If it isn't English, the WP8 Messaging App can get the numbers all wrong

by Michael S. Kaplan, published on 2013/04/01 07:01 -04:00, original URI: http://blogs.msdn.com/b/michkap/archive/2013/04/01/10406100.aspx


When you use SMS/Text capabilities, you have 160 bytes per text.

This makes English the smallest language, and every other language a little bit bigger.

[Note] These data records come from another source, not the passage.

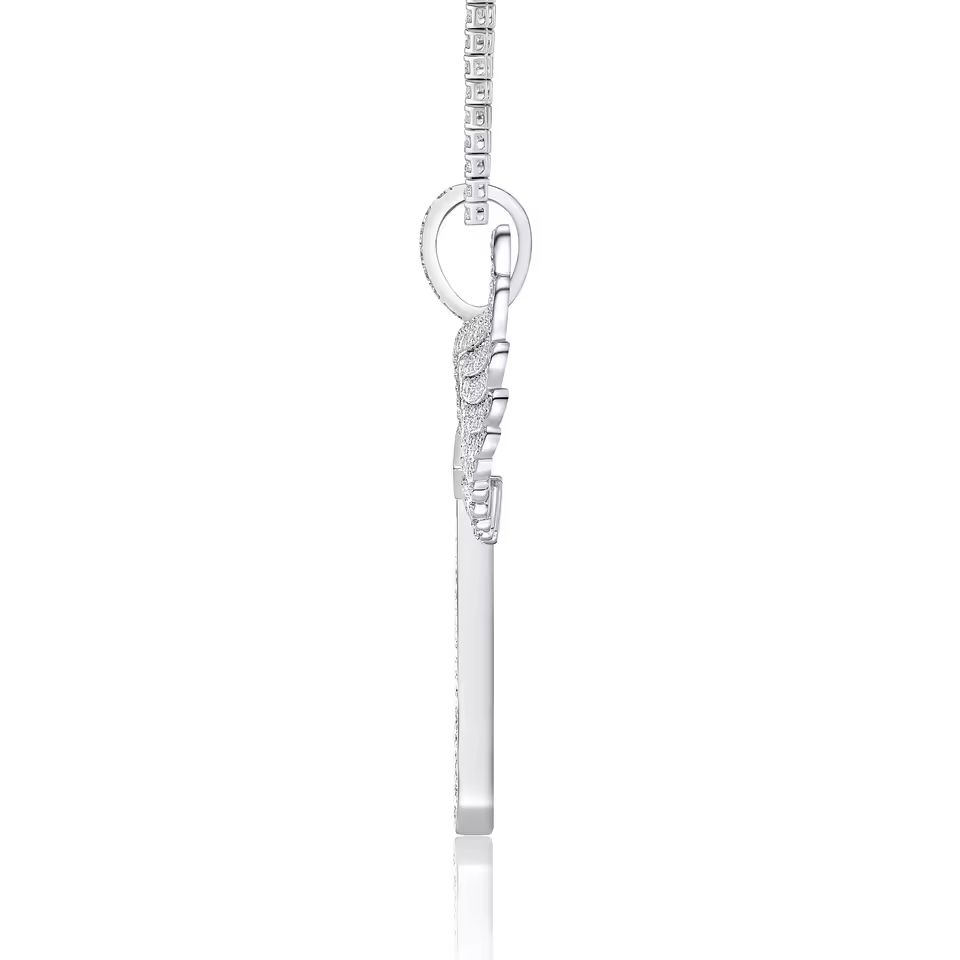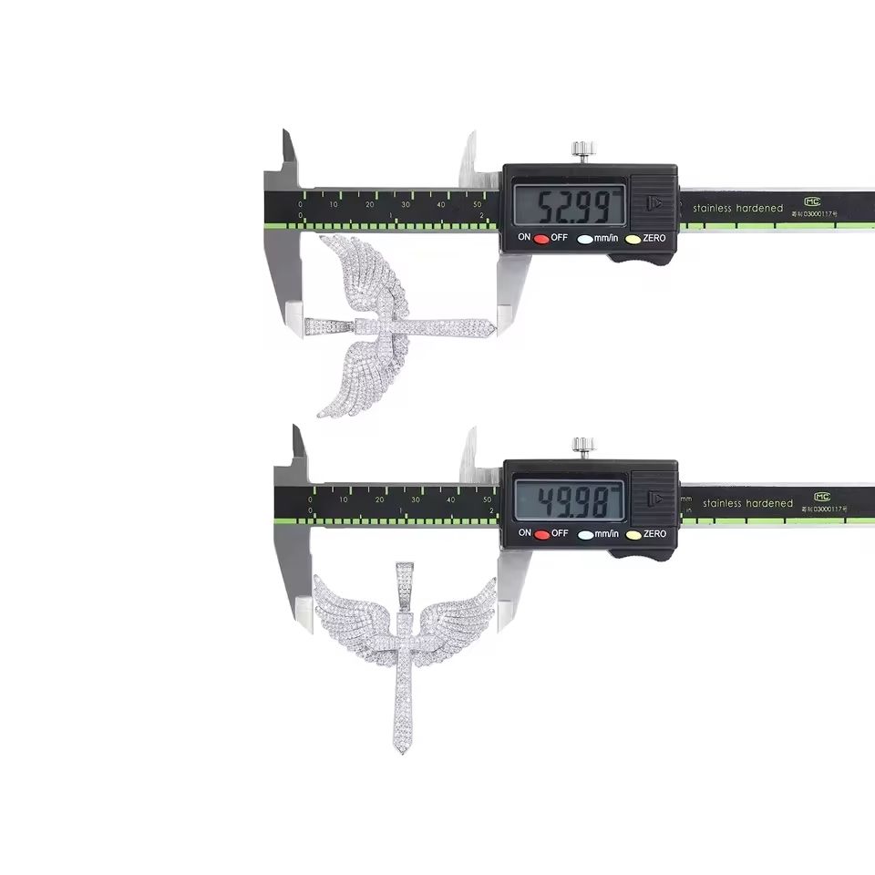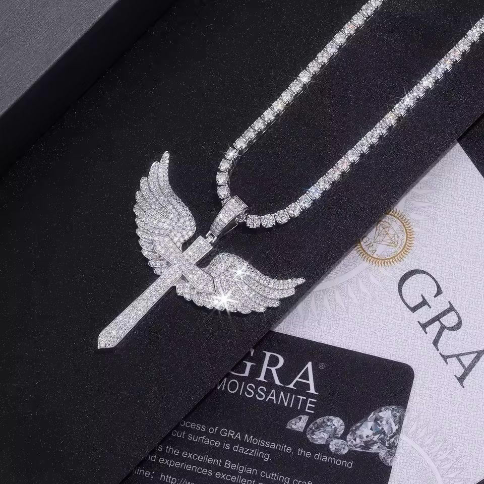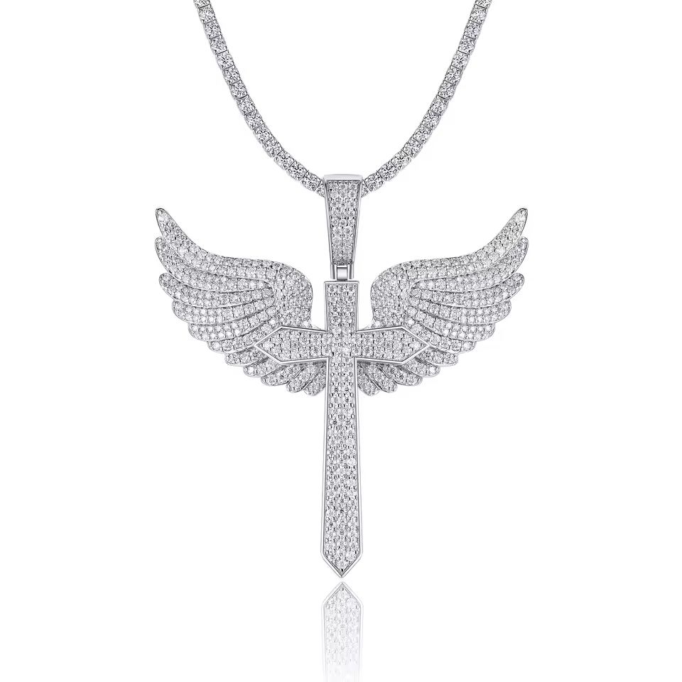 Halloween Gothic Cross & Angel Wings Necklace 925 Silver with Full Moissanite Sparkles for Dark Elegant
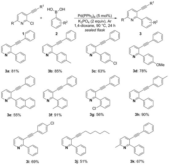 The 2-aryl-3-(organylethynyl)pyridines 3a–k were prepared according to a published procedure, with minor changes [56]. In a dried sealed Schlenk tube under argon atmosphere, the appropriate 2-chloro-3-(organylethynyl)pyridine 1 (2.0 mmol), aryl boronic acid 2 (2.0 equiv, 4.0 mmol), Pd(PPh3)4 (5 mol%, 0.115 g), K3PO4 (2.0 equiv, 2.0 mmol), and 1,4-dioxane (8.0 mL) were added (Scheme 2). The mixture remained under magnetic stirring for 24 h at 90 °C (oil bath). After that, the reaction was extracted with ethyl acetate, and the organic phase was washed with a saturated aqueous NaCl solution. The organic phase was separated, dried over MgSO4, filtered, and the solvent evaporated under reduced pressure. The crude material was further purified by column chromatography (hexanes/ethyl acetate) on silica gel. The yield was 51–91%.
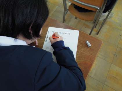 「バリアフリー」ってなんだろう、「障がい」ってなんだろうと考え、街ではどんな声かけが必要か考えました。
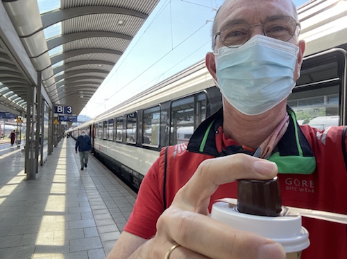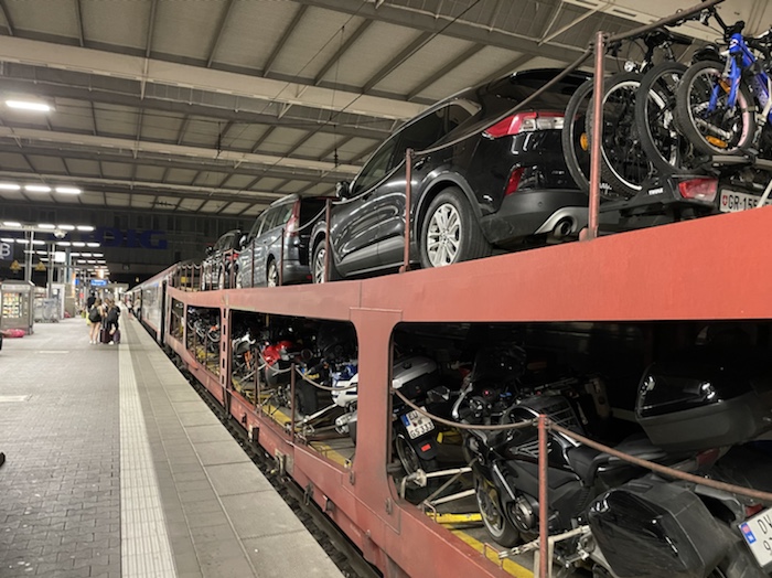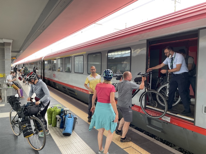 16.44 Uhr – Das Verladen der Räder hat Dank des Lademeisters der ÖBB super geklappt. Ohne Fahrrad-Platzreservierung ging aber nichts. Der Albanien-Radler, dem man nur eine Fahrkarte ohne Fahrrad verkauft hatte, musste draußen bleiben. Die beiden Berliner können auch nur bis Verona mitfahren, da sie keine Reservierung mehr machen konnten. Den Tipp, das Fahrrad über die ÖBB zu buchen, habe ich jetzt schon an viele weitergegeben.
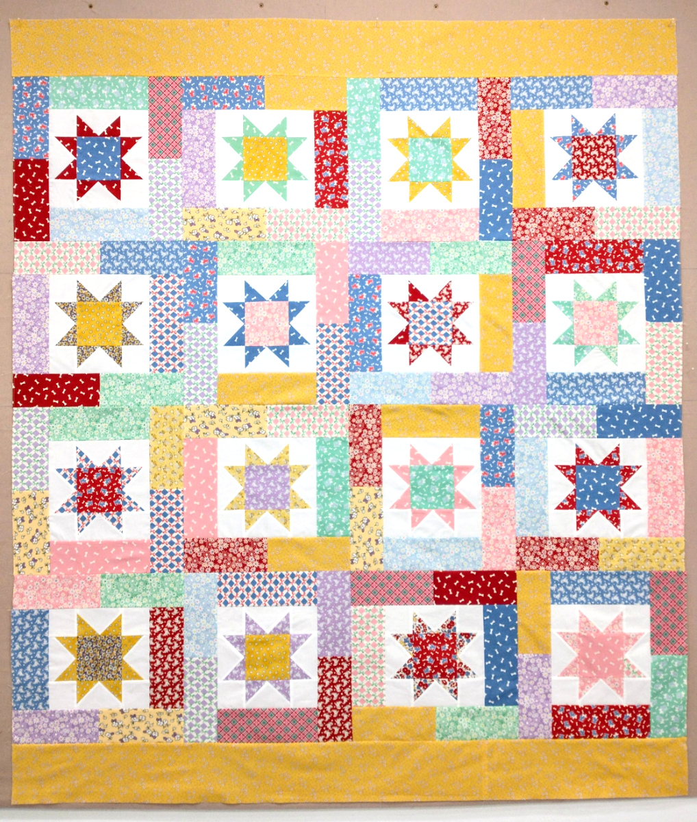 Lucky Stars looks great in 30’s prints. It took me a lot longer than I thought it would to empty the 30’s bin. I put the very last in a box and contributed it to the guild raffle….but somehow there are pieces here and there in my stash.
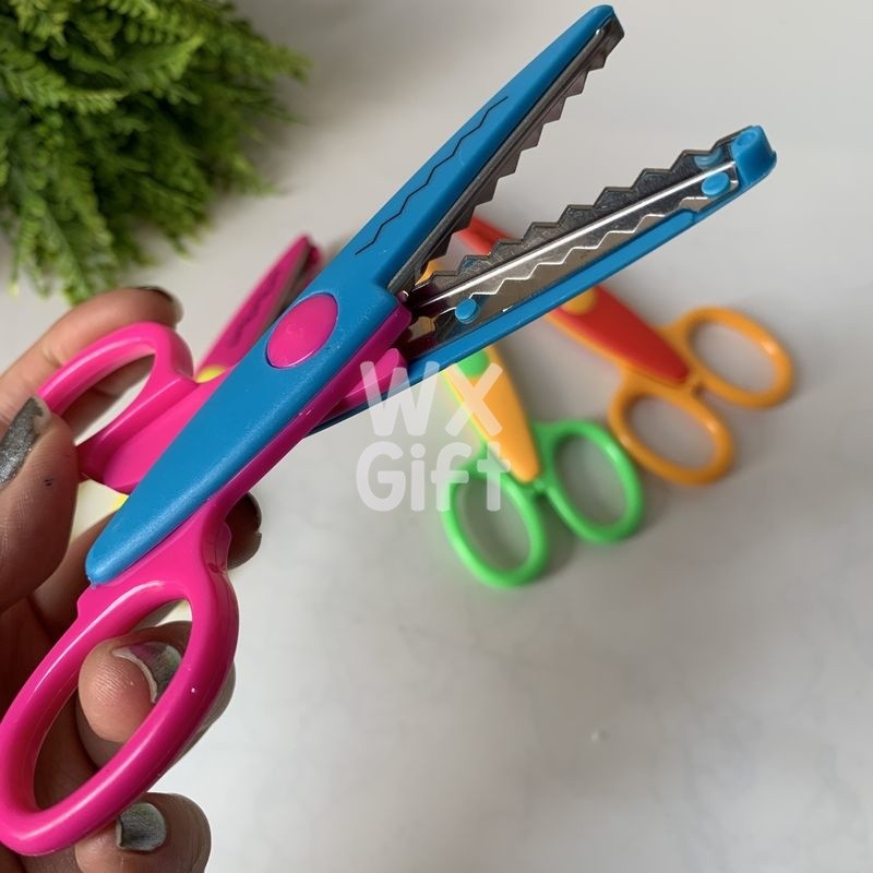 Tesoura de Picote no Tamanho 13 cm para uso escolar e manual. Ideal para uso em ambientes educacionais ou para projetos que envolvem crianças. A lâmina em aço inoxidável assegura cortes limpos e precisos. Com sua dimensão compacta de 13 cm, é fácil de guardar e prática para levar a qualquer lugar. Seus cortes possuem formatos diversos que dão um toque extra aos trabalhos manuais. Só escolher o melhor formato de Corte para você levar. - Pacote com 1 Unidade - Ponta redonda com acabamento plástico - Cortes: Diversos (Vide Foto) - Tamanho:13 cm - Cores: Vermelho Onda simples; Azul Zig Zag; Laranja Onda Picote; Rosa Onda 2 lados

And it makes some a lotta bit bigger.

If you are using supplementary characters, you'll be a lotta bit biggest!

Thank goodness I have unlimited texting!

I decided to play around with this on my Nokia Lumia 920 running Windows Phone 8.

For this exercise, I spammed my good friend Lauren Witt with a few texts.

Text #1 was 160 ASCII digits.

You know,

0123456789012345678901234567890123456789012345678901234567890123456789012345678901234567890123456789012345678901234567890123456789012345678901234567890123456789

In UTF-8, this is 160 bytes.

Text #2 was 30 emoticons.

You know,

😃😃😃😃😃😞😞😞😞😞😃😃😃😃😃😞😞😞😞😞😃😃😃😃😃😞😞😞😞😞

A stream of five U+1F603 characters followed by five U+1F61E characters, over and over.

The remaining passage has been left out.